Brushetta al Pomodoro Recipe

Brushetta al Pomodoro

Brushetta al Pomodoro

Bruschetta al Pomodoro is a classic antipasto from Italy that consists of grilled bread, and is topped with ripe tomatoes, fresh basil, garlic, and olive oil. Pronounced ‘broo-SKEH-ta’, this classic Italian appetizer is a perfect way to capture the flavours of summer.

Bruschetta al Pomodoro is remarkably simple, comprised of a toasted (or grilled) slice of bread – preferably a rustic, hardy kind such as Tuscan or Pugliese – rubbed with fresh garlic while still warm, then drizzled with olive oil and topped with marinated tomatoes.

I love the simplicity of this recipe. Simple food made with lots of love and quality ingredients. Bruschetta seems easy to make, and it is indeed not the most difficult meal on earth, but the freshness of the ingredients and right proportions make a huge difference.


2-3 ripe tomatoes
3-4 tablespoons extra virgin olive oil
4-5 slices of rustic Italian loaf
1 clove garlic
5-6 fresh basil leaves
Maldon Sea Salt to taste



Chop the tomatoes into even sized pieces.
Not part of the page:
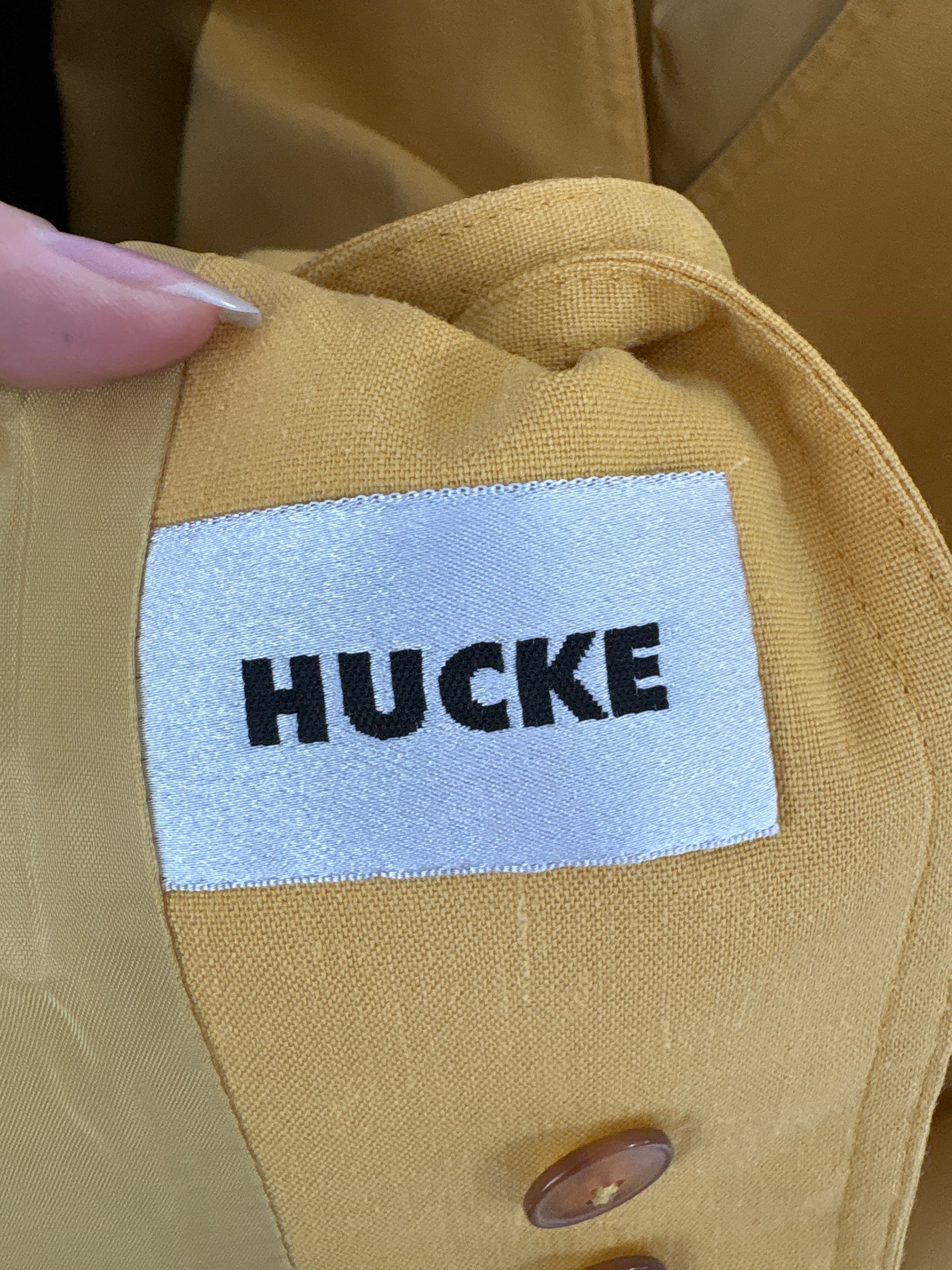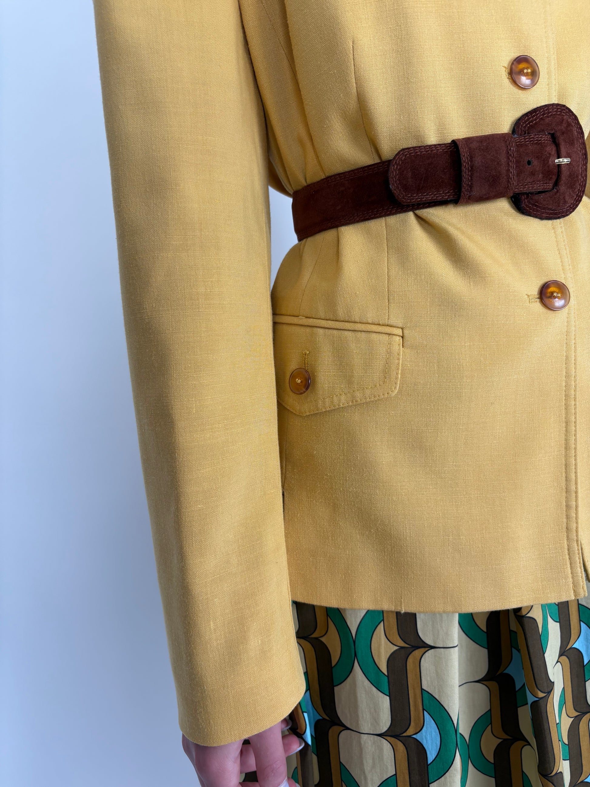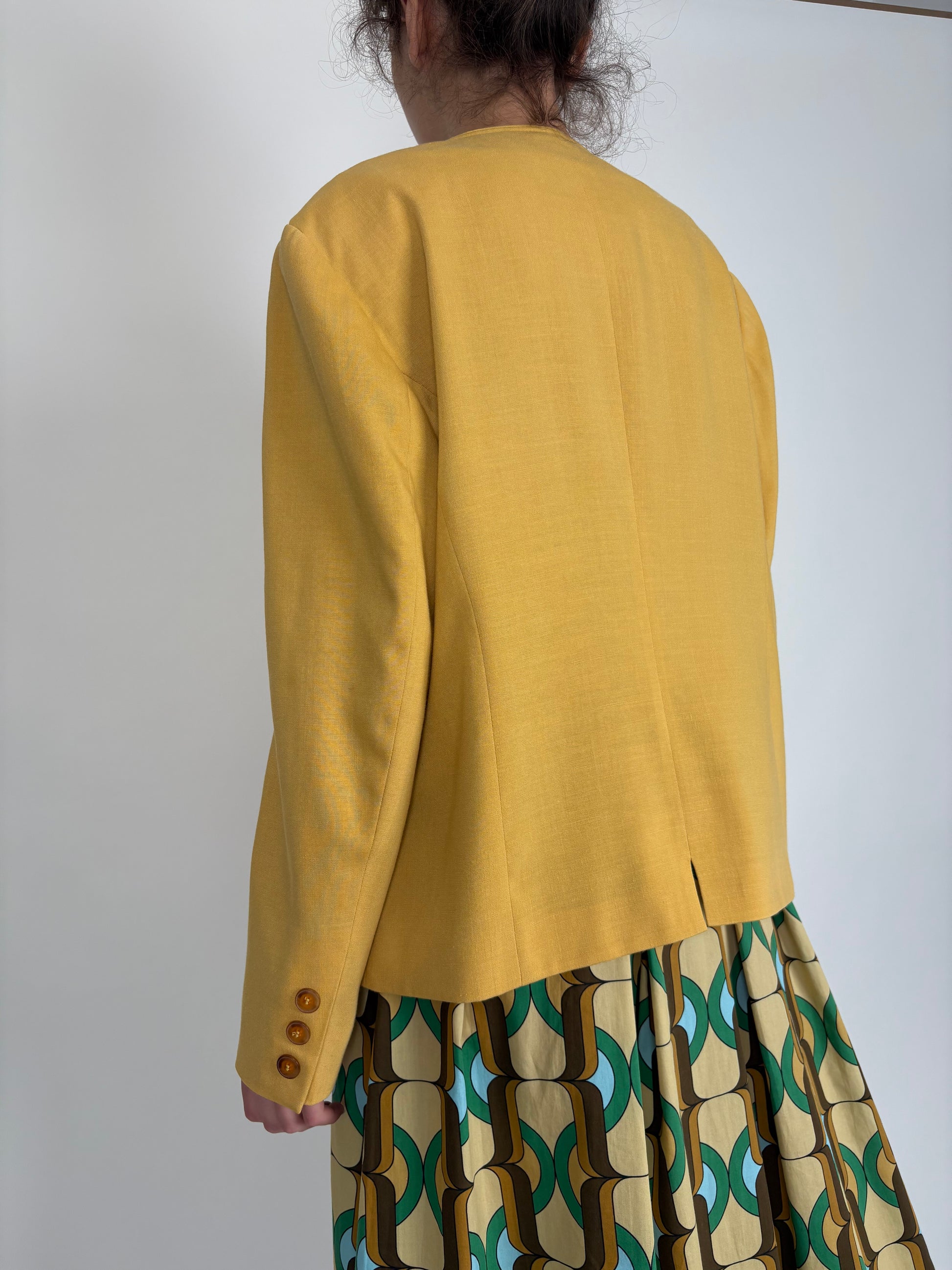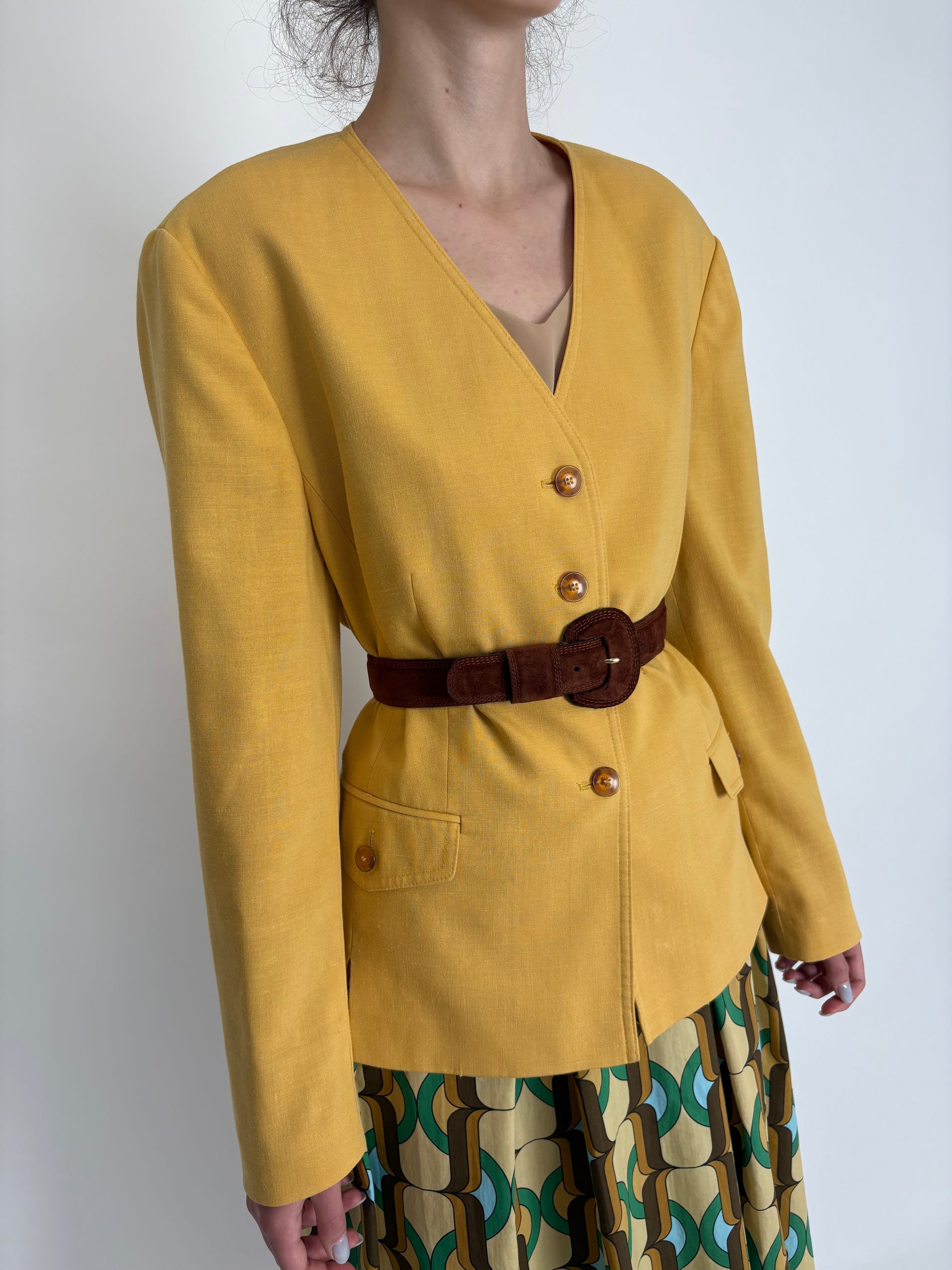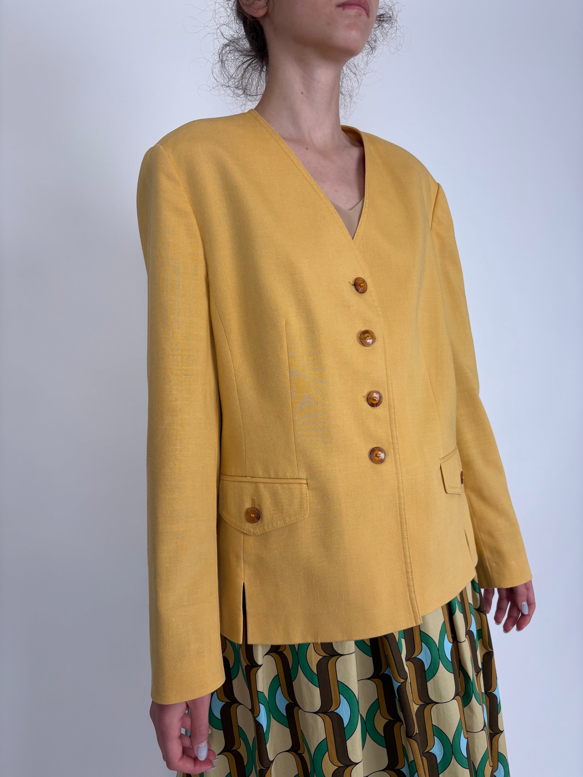 Sacou mustard yellow din pânză în croi minimalist ușor cambrat

With your hands (do not use a knife), rip the basil leaves into small pieces. Gently stir together the tomatoes and basil.


Drizzle about 2 tablespoons olive oil and then sprinkle the salt on top. Do not stir in the olive oil or salt. Set aside, uncovered, at room temperature for 45 minutes to an hour to marinate (or as long as you have!).


Grill or toast the bread slices until golden on both sides.
Slice a raw garlic clove in half. Rub each slice of bread while it is still hot with the exposed inside of the clove, squeezing the garlic between your fingers to release its juices into the bread.
Next drizzle the bread liberally with the olive oil. The slices should be nicely soaked.


Top each slice with the marinated tomatoes.
Serve immediately while the bread is still slightly warm.

Tips & Variations

  1. Use the best quality ripe tomatoes that you can for making bruschetta. I love using cherry tomatoes and sometimes use mixed colourful cherry tomatoes too for the vibrant colour and flavour.
  2. Prepare the tomato mixture at least an hour in advance to allow the flavours to develop and the juice to drain to the bottom of the bowl.
  3. Traditionally tomatoes are not deseeded however if you are using plum tomatoes or salad tomatoes, you can dessed them before chopping.
  4. I prefer using Maldon sea salt while making bruschetta, any sea salt will work well with the recipe.
  5. Tear the basil into smaller pieces with your hands instead of cutting with a knife. This will keep the basil fresher and looking bright/vibrant for much longer. The tears do not need to be perfect, just quickly tear off smallish pieces of basil and add to a bowl.
  6. I would recommend buying the best quality bread with a good crust and a firm but open crumb. Usually, breads sold as ‘rustic’ or ‘peasant’ style works best.
  7. One thing that you should not add is too much garlic. The garlic is simply rubbed gently over the bread slices while it is still hot. The juice of the garlic infuses the bread with a subtle garlic flavour.
  8. Toast or grill the bread until crisp but not browned.